Wolfgang Keller, University of Colorado-Boulder and NBER, and Carol Shiue, University of Colorado and NBER

Capital Markets and Colonial Institutions in China

Keller and Shiue ask whether the institutions introduced in Chinese Treaty Ports by Western powers from 1842 to 1943 had an impact on capital market development in China as evidenced by interest rates. They estimate annual interest rates for 205 prefectures throughout China over the years 1820–1911 by measuring carrying costs of grain. The authors find that interest rates in China rose during the 19th century, and were on the whole higher than they were in the 18th century. They also explain that difference-in-differences estimation shows that treaty port institutions lowered interest rates significantly, not only in the immediate vicinity of the treaty ports but more broadly. The magnitude of the decline was about 25 percent.

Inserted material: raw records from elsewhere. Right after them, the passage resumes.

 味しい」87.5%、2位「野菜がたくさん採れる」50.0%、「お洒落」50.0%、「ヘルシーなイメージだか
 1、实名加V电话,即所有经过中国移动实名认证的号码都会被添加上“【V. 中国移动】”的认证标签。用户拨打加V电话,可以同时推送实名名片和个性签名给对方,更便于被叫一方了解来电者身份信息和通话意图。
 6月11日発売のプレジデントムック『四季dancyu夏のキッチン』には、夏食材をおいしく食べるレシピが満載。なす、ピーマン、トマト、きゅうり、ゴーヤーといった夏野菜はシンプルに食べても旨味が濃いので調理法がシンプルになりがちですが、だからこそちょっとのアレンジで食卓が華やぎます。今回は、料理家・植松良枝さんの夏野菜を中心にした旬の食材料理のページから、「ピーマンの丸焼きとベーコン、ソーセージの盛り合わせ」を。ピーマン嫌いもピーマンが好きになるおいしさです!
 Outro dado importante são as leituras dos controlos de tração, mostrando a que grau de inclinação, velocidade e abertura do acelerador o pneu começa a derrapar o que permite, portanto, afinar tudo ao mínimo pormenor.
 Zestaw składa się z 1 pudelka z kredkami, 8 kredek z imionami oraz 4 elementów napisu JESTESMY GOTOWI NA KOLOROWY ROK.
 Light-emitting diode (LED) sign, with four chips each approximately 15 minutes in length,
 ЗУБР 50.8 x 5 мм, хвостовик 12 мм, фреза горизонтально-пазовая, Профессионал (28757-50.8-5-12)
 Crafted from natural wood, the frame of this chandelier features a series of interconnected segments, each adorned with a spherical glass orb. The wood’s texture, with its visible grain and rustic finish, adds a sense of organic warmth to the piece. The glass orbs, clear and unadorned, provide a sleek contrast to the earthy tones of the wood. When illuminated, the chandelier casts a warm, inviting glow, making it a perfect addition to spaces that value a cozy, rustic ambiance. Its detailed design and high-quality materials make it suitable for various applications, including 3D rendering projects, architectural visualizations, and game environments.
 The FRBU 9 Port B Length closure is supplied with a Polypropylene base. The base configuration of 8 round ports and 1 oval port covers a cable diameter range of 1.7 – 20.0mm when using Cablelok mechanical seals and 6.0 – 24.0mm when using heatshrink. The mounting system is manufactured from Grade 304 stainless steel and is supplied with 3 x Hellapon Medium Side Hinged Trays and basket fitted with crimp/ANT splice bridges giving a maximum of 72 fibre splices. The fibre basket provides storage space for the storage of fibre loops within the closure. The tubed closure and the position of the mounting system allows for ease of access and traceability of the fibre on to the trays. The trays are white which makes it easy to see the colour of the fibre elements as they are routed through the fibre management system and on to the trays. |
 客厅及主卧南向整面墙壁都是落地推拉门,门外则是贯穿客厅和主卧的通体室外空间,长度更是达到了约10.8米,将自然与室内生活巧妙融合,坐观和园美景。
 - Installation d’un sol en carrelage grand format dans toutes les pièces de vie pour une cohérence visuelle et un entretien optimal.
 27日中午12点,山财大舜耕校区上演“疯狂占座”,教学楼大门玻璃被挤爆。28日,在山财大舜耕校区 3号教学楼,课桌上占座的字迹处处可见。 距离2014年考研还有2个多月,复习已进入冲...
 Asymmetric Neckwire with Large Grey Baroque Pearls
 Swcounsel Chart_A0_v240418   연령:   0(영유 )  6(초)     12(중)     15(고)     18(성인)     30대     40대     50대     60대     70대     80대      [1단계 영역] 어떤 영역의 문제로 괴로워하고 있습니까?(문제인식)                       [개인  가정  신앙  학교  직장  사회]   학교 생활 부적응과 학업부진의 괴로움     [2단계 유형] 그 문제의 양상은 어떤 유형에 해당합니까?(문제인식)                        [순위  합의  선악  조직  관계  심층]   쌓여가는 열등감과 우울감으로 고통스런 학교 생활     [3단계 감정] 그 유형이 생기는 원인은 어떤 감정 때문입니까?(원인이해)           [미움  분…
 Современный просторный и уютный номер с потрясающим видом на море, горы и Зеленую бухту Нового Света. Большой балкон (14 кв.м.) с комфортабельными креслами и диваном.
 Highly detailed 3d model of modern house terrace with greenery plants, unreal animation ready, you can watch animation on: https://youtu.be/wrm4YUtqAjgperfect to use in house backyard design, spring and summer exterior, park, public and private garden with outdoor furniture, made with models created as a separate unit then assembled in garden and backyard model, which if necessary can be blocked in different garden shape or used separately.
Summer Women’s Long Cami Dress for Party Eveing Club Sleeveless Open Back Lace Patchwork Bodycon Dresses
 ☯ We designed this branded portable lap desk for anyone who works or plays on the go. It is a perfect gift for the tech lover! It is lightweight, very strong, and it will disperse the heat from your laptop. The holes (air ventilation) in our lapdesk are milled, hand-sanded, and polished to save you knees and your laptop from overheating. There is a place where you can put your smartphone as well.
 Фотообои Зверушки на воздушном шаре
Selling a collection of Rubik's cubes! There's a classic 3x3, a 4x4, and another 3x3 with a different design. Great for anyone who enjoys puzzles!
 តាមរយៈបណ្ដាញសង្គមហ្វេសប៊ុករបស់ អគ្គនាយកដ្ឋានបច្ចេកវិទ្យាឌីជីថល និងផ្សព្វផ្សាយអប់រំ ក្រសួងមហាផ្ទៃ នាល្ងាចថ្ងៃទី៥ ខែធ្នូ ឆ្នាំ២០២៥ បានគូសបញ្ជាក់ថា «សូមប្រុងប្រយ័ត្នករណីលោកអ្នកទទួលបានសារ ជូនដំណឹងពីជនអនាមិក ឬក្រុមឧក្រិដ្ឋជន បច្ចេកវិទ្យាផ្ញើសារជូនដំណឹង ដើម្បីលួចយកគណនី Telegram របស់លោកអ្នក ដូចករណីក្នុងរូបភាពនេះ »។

Hanming Fang, and Quanlin Gu and Li-An Zhou, Peking University

The Gradients of Power: Evidence from Chinese Housing Market,

Using a large, unique dataset from the Chinese housing market, Fang, Gu, and Zhou attempt to measure corruption by the price differences paid by bureaucrat buyers and non-bureaucrat buyers in the housing market. They find that the housing price paid by bureaucrat buyers is on average 1.05 percentage points lower than that paid by non-bureaucrat buyers after controlling for a full set of characteristics of buyers, houses, and mortgage loans. More interestingly, they find that the bureaucrat price discounts exhibit interesting gradients with respect to their hierarchical ranks, criticality of their government agencies to real estate developers, and geography. The authors argue that the bureaucrat price discounts and the gradients of these discounts are not likely driven by alternative explanations, thus they are evidence of corruption and measures of the value of power.


Yen-cheng Chang and Bin Zhao, Shanghai Advanced Institute of Finance; Harrison Hong, Princeton University and NBER; and Larissa Tiedens, Stanford Graduate School of Business

Does Diversity Lead to Diverse Opinions? Evidence from Languages and Stock Markets

An oft-cited premise for why diverse societies, whether ethnically, linguistically, or religiously, can grow faster than homogeneous ones is that they bring about diverse opinions, which foster problem solving and creativity. Chang, Hong, Tiedens, and Zhao provide evidence for this premise using a linguistic measure of diversity across Chinese provinces and stock market measures of diverse opinions. This cross-province variation in linguistic diversity is correlated with the extent of hilly terrain in a province but is uncorrelated with financial development in that province. Households in provinces with more linguistic diversity have more diverse opinions as measured by greater trading of and disagreement about local stocks on stock message boards. Linguistic diversity is also correlated with small private enterprise diversity. An analogous cross-country regression suggests that the authors' conclusion extrapolates beyond China.